In other words, in your experience, how has the perception of sleep disorders as something only recently publicized affect the doctor's impartiality, and how does one deal with this?


Answer:
I have come across doctors that said sleep apnea did not exist but finally found one that took it serious enought to sent me to a specialist And now have been on CPAP for nearly 4 years and have got heaps of benifits from it was unable to keep a job before they don't like it when you fall to sleep at the desk but since about 1 month after CPAP have had a job.

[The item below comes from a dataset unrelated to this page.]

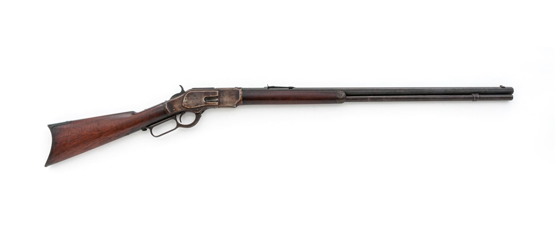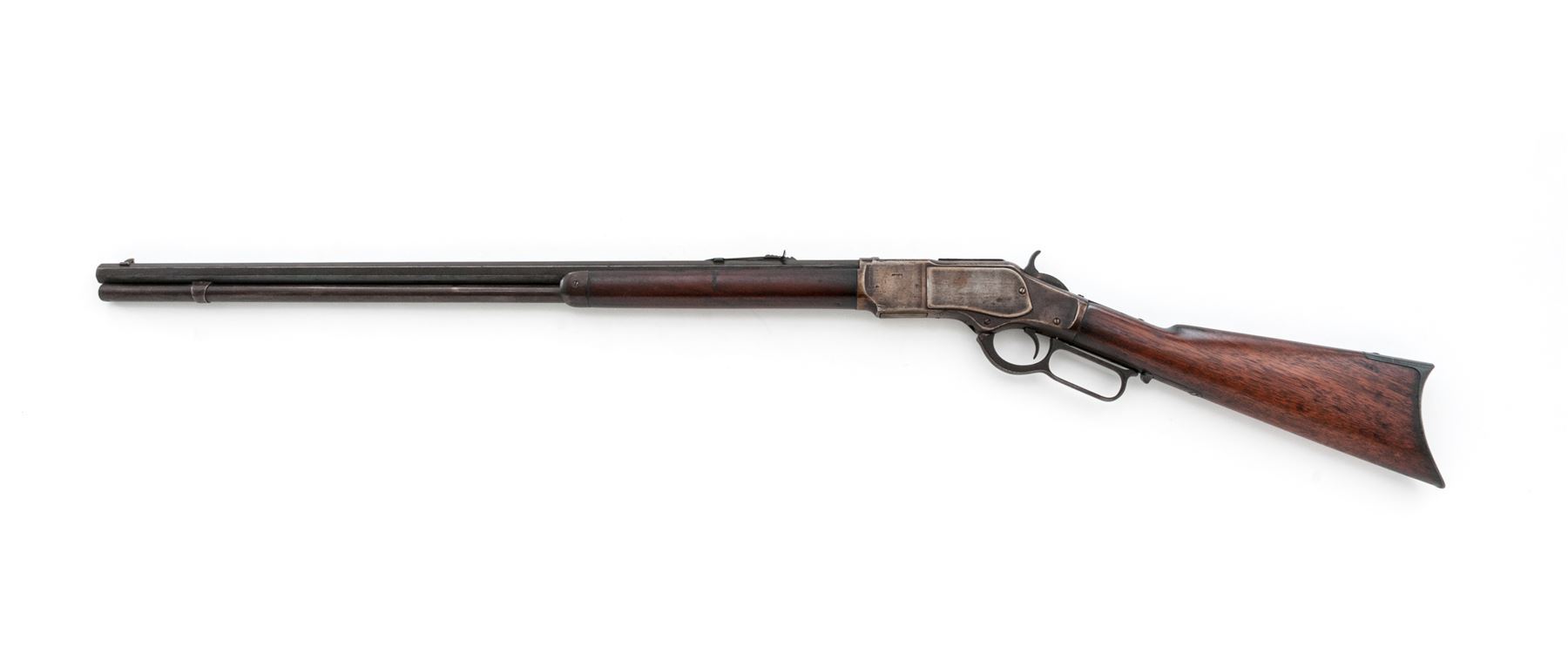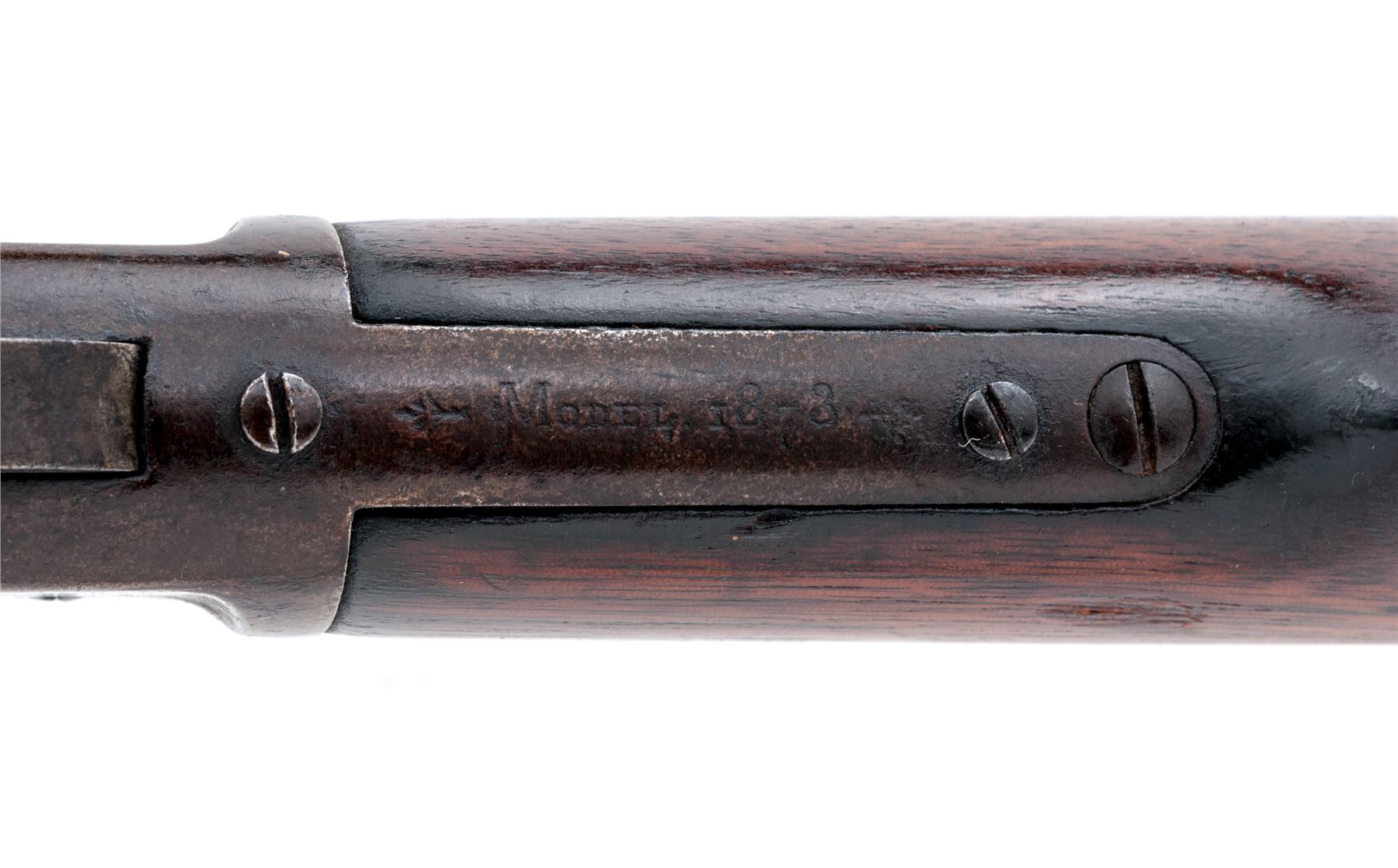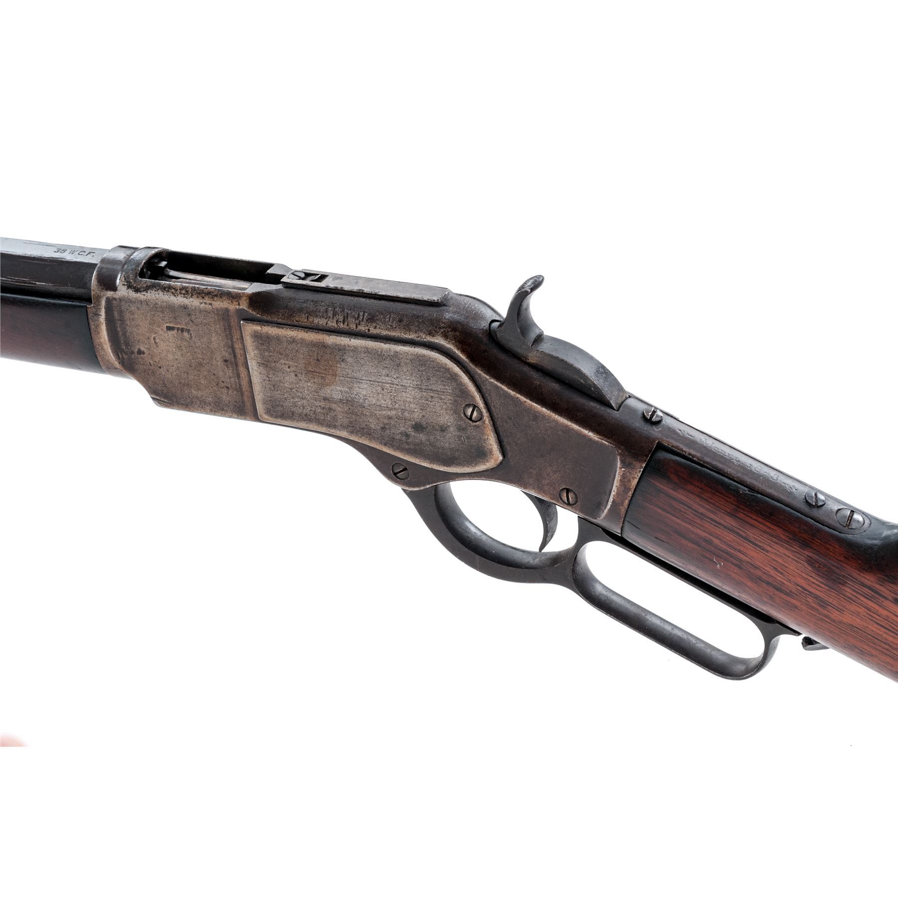 Antique Winchester Model 1873 Lever Action Rifle, #200841B, .38 WCF (.38-40) cal., blued 28'' octagonal barrel with block-blade front and adjustable open rear sights marked with the Winchester name, address and King's Improvement patent dates in two lines ahead of rear sight, and ''38 W.C.F.'' behind; full-length magazine tube; steel receiver marked ''Model 1873'' on top tang and serial number on lower tang, missing the ejection port dustcover; steel operating lever, nosecap and crescent buttplate with sliding cover opening to butt trap for jointed cleaning rod (not present); oil-stained walnut forend and buttstock. Mfg'd 1886. Condition is very good, the barrel retaining approx. 85% thin original blue mixing with a brown patina (nicks near front sight, edge dings on flats near breech), the balance of the metal a smooth gunmetal gray-brown (traces of blue in protected areas of receiver). Stocks are smooth and solid showing nice grain and color (dings halfway down left side of forearm and bottom at receiver). Action is smooth; bore is clean with deep rifling. A desirable '73 with its long 28'' barrel. Est.: $1,000-$1,500. (Antique)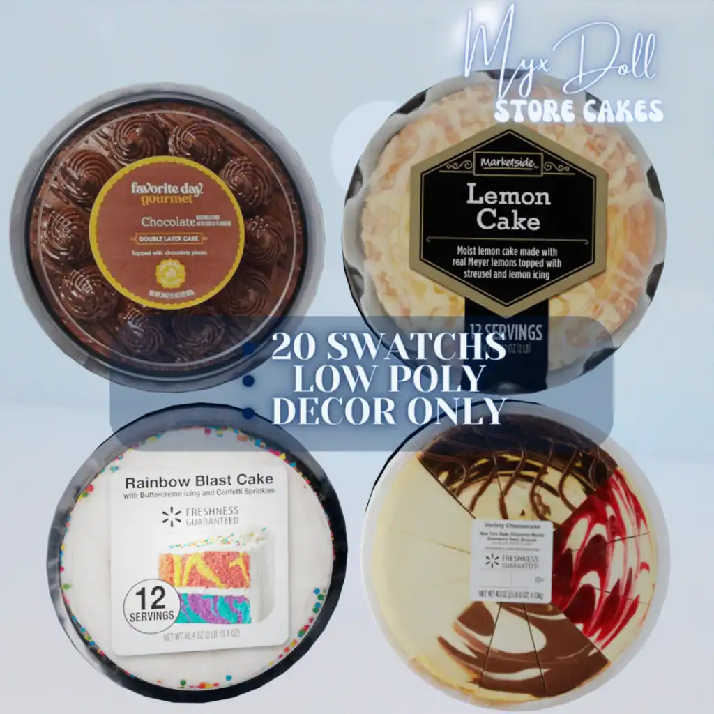 If you’re looking for realistic supermarket-style cakes to fill your grocery shelves, bakery counters, or party tables, download the Store Cake V1. This pack contains round, plastic-lid store cakes in 20 swatches. The samples include chocolate, lemon, funfetti, rainbow blast, cheesecake styles, and fruit-topped cakes.

Yes, I understand that. Read carefully. I didn't say "Well, I think I kinda might have a problem but I don't plan to do anything, convince me that I need to look out for my health." I said "I plan to do something. What techniques do you use to recognize doctors that know what's going on?"

I'm autistic (Asperger's) and I have a hard time figuring out when a doctor knows what's going on, because there are all sorts of nonverbal cues given in the diagnosis problem. I've festered with infections gone wild, been dismissed as perfectly healthy in the midst of serious depressive problems, and had other similar things happen to me, all because I don't _emote_ and _nonverbally cue_ doctors the way they expect from the typical patient.

SO, I'm honestly asking for a list of techniquest to tell whether the doctors are too _quick_ or too _slow_ to settle on sleep disorders, and things one can say to get them to shift gears. Or rapid ways to recognize evasion in the specific case of sleep disorders. Are there specific words that help when describing my problems, and specific ways of explaining my difficulties that will mislead a doctor into thinking "This man just saw too many paid television spots". Because that _is_ how I first found out that it might describe what's wrong with me, and there are doctors out there that pooh-pooh anything new and unfamiliar that might explain a specific problem. I want to explore it fully along with the possibility of thyroid problems which are also hereditary in my family.

I've already gotten a few flame Emails saying "You're stalling, go get diagnosed." But anyone who has lurked on this group for more than a few days knows that it isn't just that easy. I _WANT_ CPAP if it will help me, but I have another specific medical/psychological problem in dealing with doctors (lack of facility in nonverbal communication) and wanted some input.

My only problem was not stating it this clearly the first time around. I hope this clears up the misconceptions about what I was asking.

Research is always a good start. Knowing you display symptoms that can indicate a sleep disorder should convince a doctor that a referral to a sleep clinic for assessment is worth exploring. If it doesn't, its a good indicator to switch doctors.

The assessment at the clinic is unlikely to result in a "fad diagnosis" - when you're wired to the sensors its difficult to manipulate results.

I doubt you will have problems, though. You are able to enunciate your concerns clearly and have identified certain probabilities with similar symptoms that should be ruled in or out - apnea, thyroid, diabetes, depression.

The first three have simple tests for screening. Even if one is confirmed the other two are still a possibility. Screening for all three should occur - as well as looking for other possibilities. Lots of other internal organs can cause similar problems and there are some nasty "invaders" out there.

It is possible a doctor might want to eliminate certain possibilities first before deciding on a sleep test. My concern would how much time would be lost.

It is not unusual for depression to be associated with physical ailments. Depending on how long it would take to get test results and start treatment - assuming one or more physical problems show up -and how severe the depression is it might be advisable to commence treatment for depression right away.

If you are less articulate in a doctor's office than in email, write everything out before you go. Include displayed symptoms, associated ailments, questions and a statement about the level of involvement you expect in planning your assessments and subsequent treatment.